To understand what makes Dynamic Analysis better than traditional methods let’s look at how it works under the hood – starting from crawling websites through setting up servers & configuring virtual machines all the way down to the actual Dynamic Analysis engines themselves.

  • Crawling websites: Dynamic analysis tools start by crawling web applications to get an understanding of how they are structured and what technologies/languages they use – these include Dynamic Application Security Testing, Web Security Testing, Static Code Analysis (SCA), Penetration testing through automated scanners & manual testers, etc..

    They also discover all assets that need protection which is then made available for reporting purposes or when starting a Dynamic test session. The crawler only visits each URL once unless it detects changes in its source code – this allows you to avoid potential false positives caused by caching issues on proxies or browser caches.

  • Setting up servers & virtual machines: Dynamic analysis tools are not installed locally but instead run from remote locations using Virtual machines (VMs) and sandboxes – these are isolated environments that mimic the user’s working environment.

    Dynamic analysis tools run several tests simultaneously in separate VMs to speed up the process, while also making it possible for multiple testers/researchers to work on different parts of a web application at once or even set up private Dynamic Analysis Sandbox Servers.

  • Dynamic Application Security Testing Engines: Dynamic security testing requires advanced engines which can do more than just identify vulnerabilities by looking for existing signatures in their databases. They must be able to understand how applications work, reason about them using inference techniques like symbolic execution & answer complex questions such as “what happens if I change this parameter?” For example, an attack vector might only exist when a value is set to ‘admin’ and Dynamic Analysis engines must be able to reason about it without having seen that data before.

    The dynamic analysis also requires an engine that can simulate real users by following the actions they would take when interacting with a web application such as filling out forms, clicking on menus & buttons, or even changing values in input boxes.

Why should you use this type of testing in your business?

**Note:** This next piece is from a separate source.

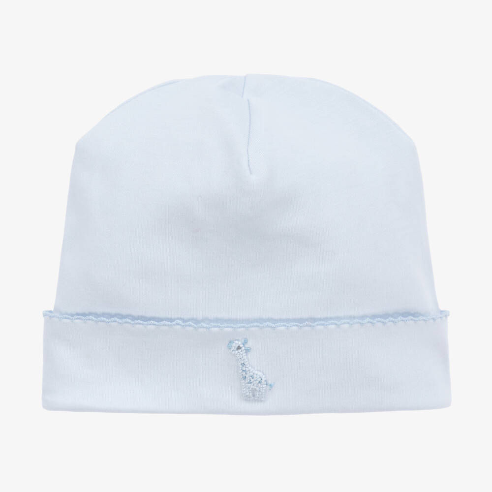 Cute blue layette hat for baby boys by Kissy Kissy, made in beautifully soft Pima cotton jersey. Lovely for keeping your little one's head warm, it has a turned-up brim with a sweet, hand-embroidered giraffe.

Dynamic analysis is more accurate than Static Code Analysis (SCA) because it can follow users’ actions, identify new attack vectors, and reason about applications to find vulnerabilities.

Dynamic security testing also requires advanced engines which can do more than just looking for existing signatures in their databases.

Dynamic analysis tools run several tests simultaneously in separate VMs to speed up the process while making it possible for multiple testers/researchers to work on different parts of a web application at once or even set up private Dynamic Analysis Sandbox Servers.

Conclusion:
Dynamic security testing does not replace other types of tests but instead works alongside them – using different tools for different purposes depending on what you are trying to achieve. For example, Dynamic Analysis has its limitations: It’s useless against “toy” applications that don’t have any valuable assets/sensitive user data; while Static Code Analysis may give false positives because it doesn’t actually execute code inside browsers. Dynamic Application Security Testing is also very resource-intensive in terms of memory & processing power which means it can’t be used on every project – but when security issues are found in production apps Dynamic Analysis usually provides the most accurate results.